═════ Working data ═════

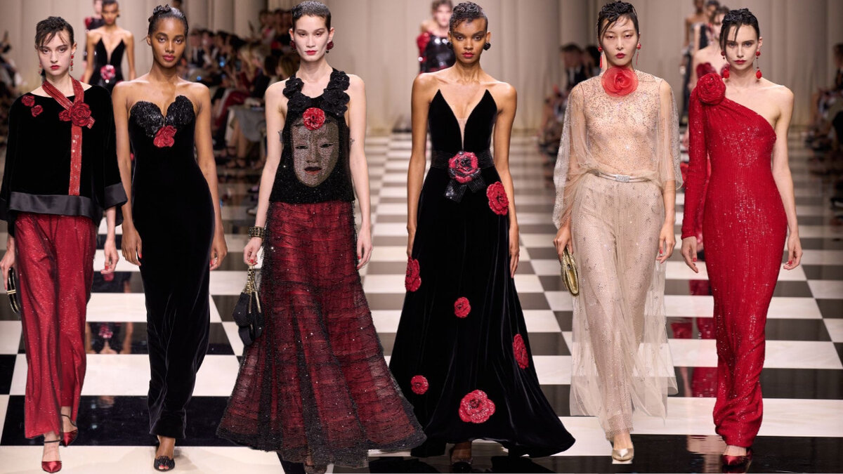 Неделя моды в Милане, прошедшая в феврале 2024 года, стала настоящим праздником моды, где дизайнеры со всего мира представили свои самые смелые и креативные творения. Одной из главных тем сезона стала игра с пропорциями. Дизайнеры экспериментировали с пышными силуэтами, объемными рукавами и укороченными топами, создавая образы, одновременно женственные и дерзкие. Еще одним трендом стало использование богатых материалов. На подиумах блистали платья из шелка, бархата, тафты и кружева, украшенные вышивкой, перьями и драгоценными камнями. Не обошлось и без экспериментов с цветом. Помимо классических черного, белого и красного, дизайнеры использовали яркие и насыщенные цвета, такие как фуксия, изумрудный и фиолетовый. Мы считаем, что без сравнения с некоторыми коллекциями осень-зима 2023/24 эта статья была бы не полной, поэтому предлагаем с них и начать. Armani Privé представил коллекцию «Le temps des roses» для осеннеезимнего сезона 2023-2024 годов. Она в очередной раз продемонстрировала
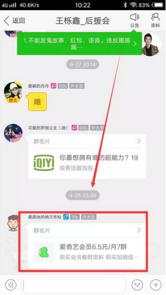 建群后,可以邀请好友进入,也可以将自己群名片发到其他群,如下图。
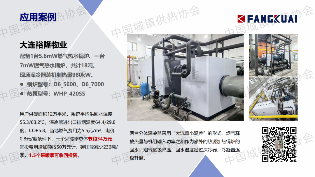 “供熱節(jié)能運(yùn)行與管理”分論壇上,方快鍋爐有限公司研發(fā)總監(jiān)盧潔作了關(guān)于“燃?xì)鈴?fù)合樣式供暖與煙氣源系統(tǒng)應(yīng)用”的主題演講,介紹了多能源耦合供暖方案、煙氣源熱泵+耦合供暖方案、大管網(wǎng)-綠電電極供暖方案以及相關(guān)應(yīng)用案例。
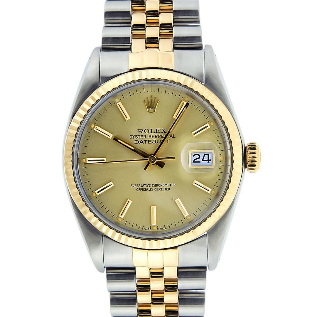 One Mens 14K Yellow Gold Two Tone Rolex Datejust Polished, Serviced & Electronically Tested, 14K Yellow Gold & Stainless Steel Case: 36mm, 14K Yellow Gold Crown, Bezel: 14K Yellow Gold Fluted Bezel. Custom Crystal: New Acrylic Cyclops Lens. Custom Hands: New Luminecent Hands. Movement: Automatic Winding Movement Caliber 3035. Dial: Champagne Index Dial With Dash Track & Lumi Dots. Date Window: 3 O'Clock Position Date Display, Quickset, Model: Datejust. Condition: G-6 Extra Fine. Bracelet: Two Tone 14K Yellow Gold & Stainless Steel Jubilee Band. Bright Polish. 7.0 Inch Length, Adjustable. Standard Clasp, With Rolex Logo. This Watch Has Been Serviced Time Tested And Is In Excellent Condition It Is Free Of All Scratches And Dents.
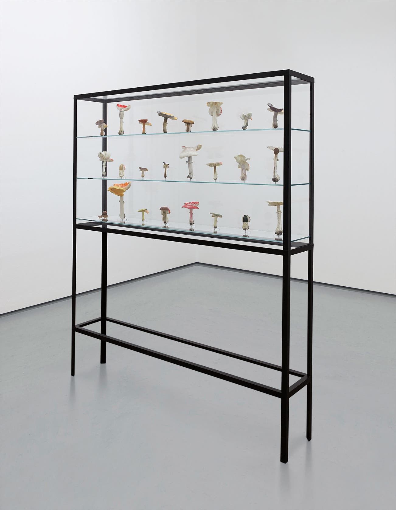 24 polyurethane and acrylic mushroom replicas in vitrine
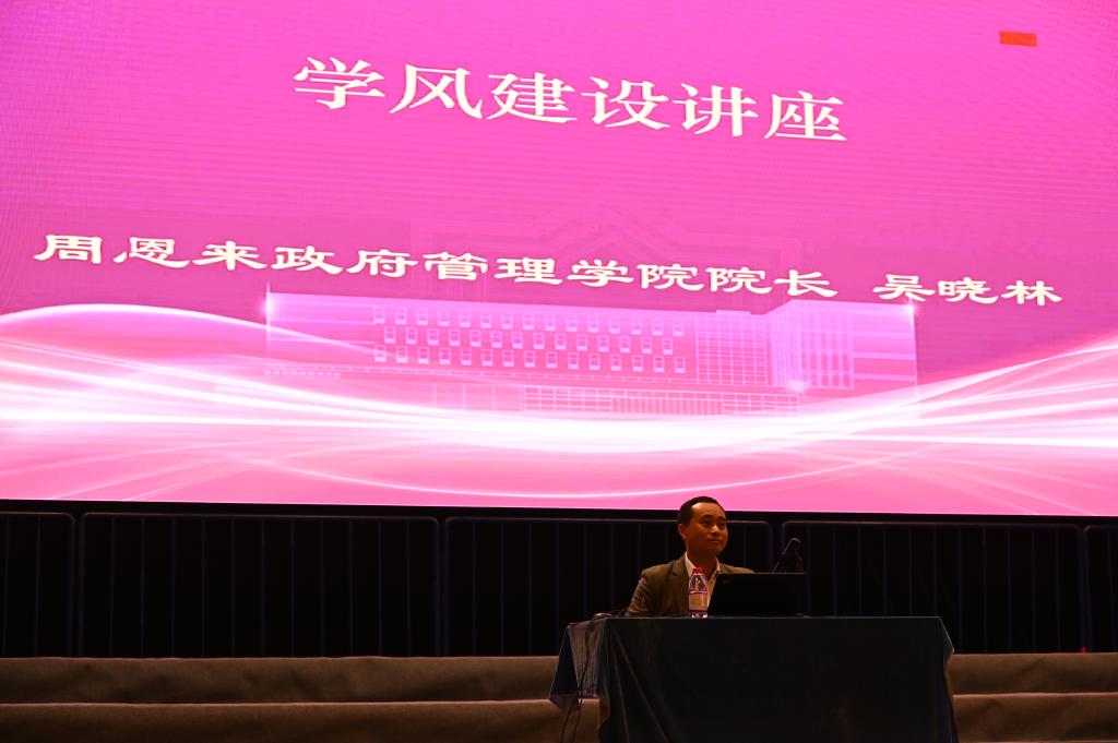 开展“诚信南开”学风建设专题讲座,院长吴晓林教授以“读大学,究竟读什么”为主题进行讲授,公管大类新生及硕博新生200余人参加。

═════

To do :: Lines from the one above containing "建群后,可以邀请好友进入,也可以将自己群名片发到其他群,如下图。" down to the one containing "One Mens 14K" should be transcribed exactly, with both ends kept and no pictures.

Exercise solution ::
 建群后,可以邀请好友进入,也可以将自己群名片发到其他群,如下图。
 “供熱節(jié)能運(yùn)行與管理”分論壇上,方快鍋爐有限公司研發(fā)總監(jiān)盧潔作了關(guān)于“燃?xì)鈴?fù)合樣式供暖與煙氣源系統(tǒng)應(yīng)用”的主題演講,介紹了多能源耦合供暖方案、煙氣源熱泵+耦合供暖方案、大管網(wǎng)-綠電電極供暖方案以及相關(guān)應(yīng)用案例。
 One Mens 14K Yellow Gold Two Tone Rolex Datejust Polished, Serviced & Electronically Tested, 14K Yellow Gold & Stainless Steel Case: 36mm, 14K Yellow Gold Crown, Bezel: 14K Yellow Gold Fluted Bezel. Custom Crystal: New Acrylic Cyclops Lens. Custom Hands: New Luminecent Hands. Movement: Automatic Winding Movement Caliber 3035. Dial: Champagne Index Dial With Dash Track & Lumi Dots. Date Window: 3 O'Clock Position Date Display, Quickset, Model: Datejust. Condition: G-6 Extra Fine. Bracelet: Two Tone 14K Yellow Gold & Stainless Steel Jubilee Band. Bright Polish. 7.0 Inch Length, Adjustable. Standard Clasp, With Rolex Logo. This Watch Has Been Serviced Time Tested And Is In Excellent Condition It Is Free Of All Scratches And Dents.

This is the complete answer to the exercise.